Aaron provides a blow-by-blow account of the band’s dissolution, their brief reunion, the short-lived Ocasek-less New Cars with Todd Rundgren and Ric’s seven solo albums, as well as his many outside productions. In his solo career, Ric indulged many of his less-than-commercial influences and, therefore, rarely threatened to reach the top of the pop charts. At the same time, his production work would span from the obscure, including solo albums by his good friends and influences Alan Vega of Suicide and Jonathan Richmond, to Weezer’s multiplatinum commercial debut. A central focus of Aaron’s book is Ocasek’s complicated relationship with his longtime collaborator Ben Orr. It was Orr’s rare lead vocal on a single that would lead to their biggest chart and streaming success, the ballad “Drive” from Heartbeat City

At the end of his life, Ocasek’s retreat from the public eye deepened.  He secretly battled heart issues, emphysema, and, ultimately, lung cancer.  Being true to his beatnik self, he would publish a book of poetry and turn to painting, exhibiting his work at his son’s gallery in Ohio in 2009.  When he passed in September 2019, his age was initially reported as 70, before it was later corrected to 75.
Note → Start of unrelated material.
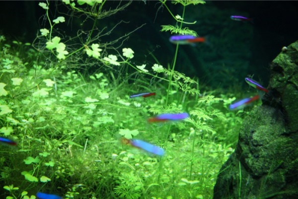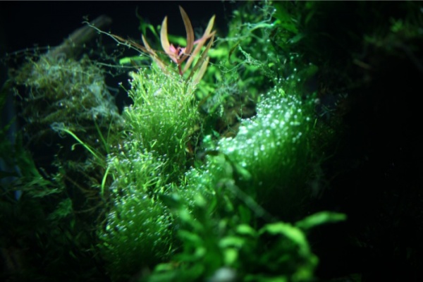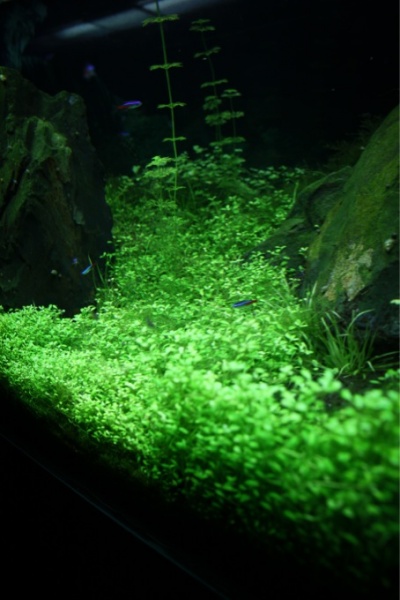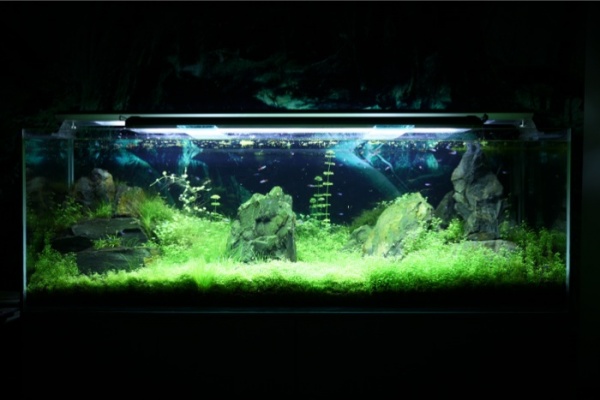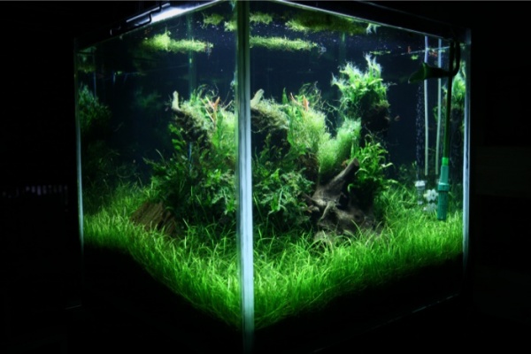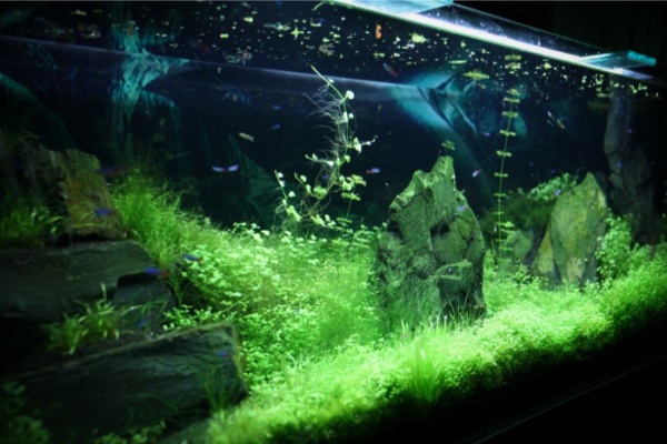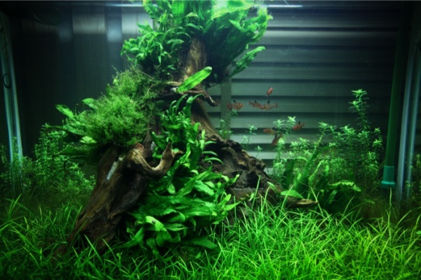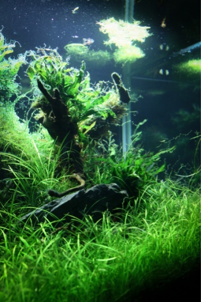 水槽デザインは、原色のミニ水車やプラスチックの水草でデハデハに彩られたカンボジア風ではなく、「禅アクアリウム」と呼ばれる侘び寂びの漂う渋デザイン。大自然を感じます。

As someone who really only knew Ocasek and The Cars from their radio hits, I found Aaron’s book a true eye-opener, an indispensable doorway into the mind of a musician with a far deeper well of influences and artistic expressions than I realized. It is a story told with a musician’s eye for the details that matter most about his sonic art, and with a sympathetic understanding of the true nature of, and the many complications that come with, leading a driven creative life.